Each car and, of course, each component is going to have its own flushing process. Consult that factory service manual I mentioned for specific instructions and online forums for people who own your kind of car for wisdom that might help you preemptively prevent mistakes.
Generally speaking, you’re going to want to avoid letting a hydraulic accessory run completely dry, and never start a car with any of its fluids depleted.
Pretty much every home-wrenching car enthusiast I talked to gave me the same response when I asked what to do with old auto fluids, something to the effect of “I don’t know, I’ve just got a big vat in my garage.”
Listen, you don’t have to live like that.
Pretty much any auto parts store will take used motor oil, which is fairly common knowledge, but it’s not that much harder to find out where brake fluid, coolant, and all the other juices need to go when they go bad.
Start by Googling household waste collections in your area–some towns run events every so often where somebody might even come to your house to take castoff poisons.
Auto fluids are typically considered “household waste” and while they can’t go in your regular trash, your town or a town nearby will have some provision for taking it which I bet you’ll find by searching “your town + waste disposal” or something similar.
Bigger cities will have permanent collection centers for such things.

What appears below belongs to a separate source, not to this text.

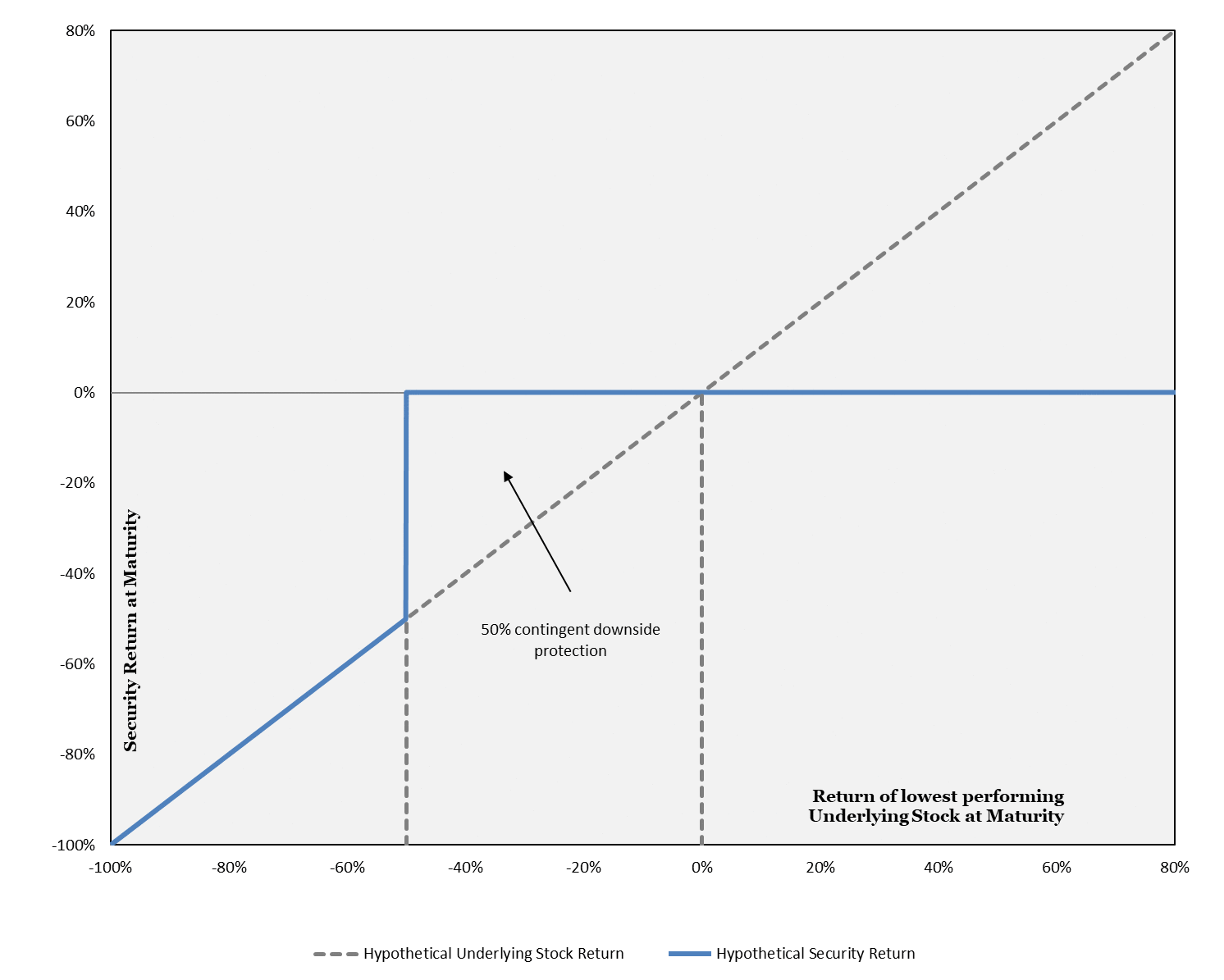 Since the hypothetical ending price of the lowest performing Underlying Stock is less than its hypothetical starting price, but not by more than 50%, you would receive the face amount of your securities at maturity.

You can start by calling or emailing your town hall, or skip straight to your local sanitation department if you can find its number.
Here in west Los Angeles, about five minutes of cursory research revealed I can take the jar of old brake fluid I just extracted from my Mitsubishi Montero to a placed called the Hyperion Treatment Plant, and lucky me, they’re even open on the weekend.
Now that I know my truck’s got fresh brake fluid I can rest easily knowing not only that I’ll be stopping as well as I can, but also that I can throw out the toxic old fluid legally and ethically without being inconvenienced that much. It feels good!
You might hear about people pouring waste fluids down drains and into holes dug in yards. You may also realize that you can just leave some of this stuff out to evaporate. I don’t have any proof that government disposal centers really do anything “better” for the environment than that, but I’ve got a pretty strong hunch they’re not, say, harvesting these fluids and using them for mind-control devices or sending them up to HAARP.
If nothing else, disposing of your chemicals the right way makes all auto enthusiasts look good. Dumping it in a big puddle behind your house makes us look like greasy cretins. Do it for us!